Article ID: | iaor20051425 |
Country: | United Kingdom |
Volume: | 55 |
Issue: | 4 |
Start Page Number: | 361 |
End Page Number: | 374 |
Publication Date: | Apr 2004 |
Journal: | Journal of the Operational Research Society |
Authors: | Perry W.L., Sullivan T.J. |
Keywords: | statistics: general |
Data collected on known terrorist organizations allow intelligence agencies to build a statistical database of features for each group and an observed level of development of chemical, biological, radiological, or nuclear (CBRN) weapons. For the intelligence analyst, a statistical exploration of the structure of the multivariate data is helpful for determining which subset of features – and the relative contribution of each feature in the subset – best discriminate between levels of CBRN weapons development.

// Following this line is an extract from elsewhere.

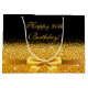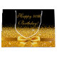 Elegante, klassische, glamouröse und feminine Party Geschenktasche. Ein goldfarbenes Band und Bogen. Schwarzer Hintergrund. Mit dem Text: Happy 80. Geburtstag!
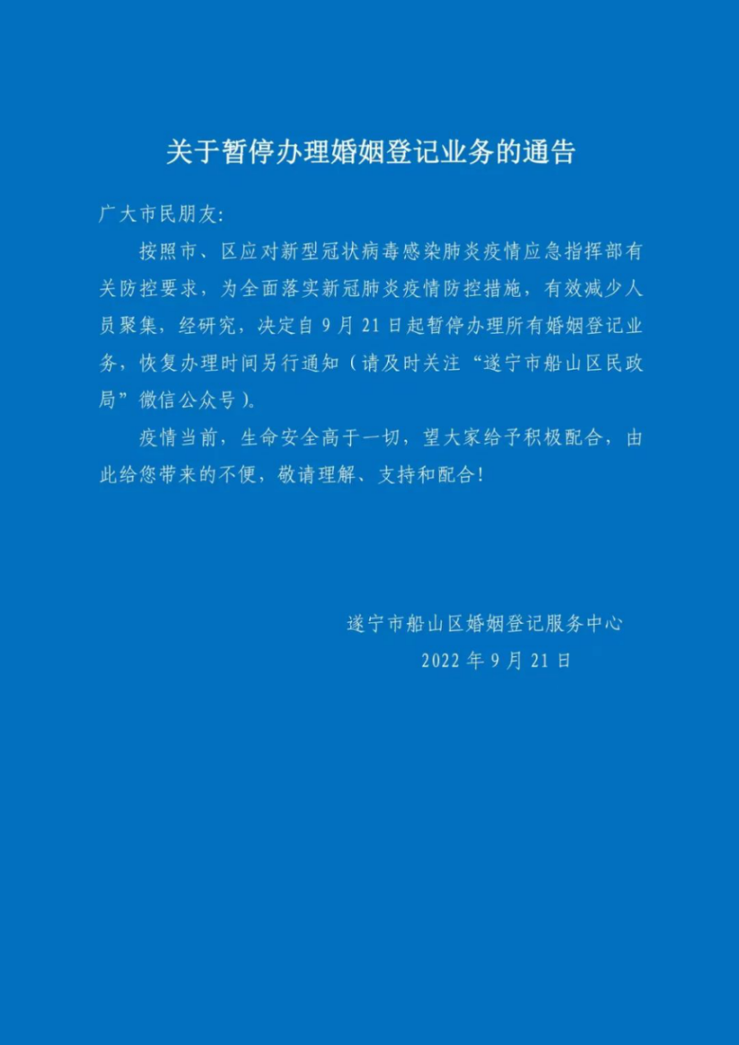遂宁市船山区婚姻登记服务中心关于暂停办理婚姻登记业务的通告

The resulting function that is used to discriminate between CBRN development levels is called the ‘classifier’. Once the appropriate subset of indicators has been identified and a classifier developed, intelligence agencies will be better able to focus their information gathering and to assess the effect that changes in a terrorist group's features will have on their CBRN weapons development. Additionally, the classifier will enable the intelligence agency to predict the CBRN weapons development level of terrorist group where the feature set of the group is known but the level is unknown. In this analysis, we compare three approaches for building a classifier that best predicts CBRN weapons development levels using a training set with 45 observations; (1) heuristic pattern recognition approach that couples a weighted Minkowski distance metric with a nonparametric kernel-based classification method, (2) classification trees, and (3) discriminant analysis. Where possible, cross-validation is conducted on the data to ensure that the resulting classifier is not overly dependent on the training set. This initial analysis provides some interesting results and suggests a reasonable starting point for finding structure in the data as more observations are added.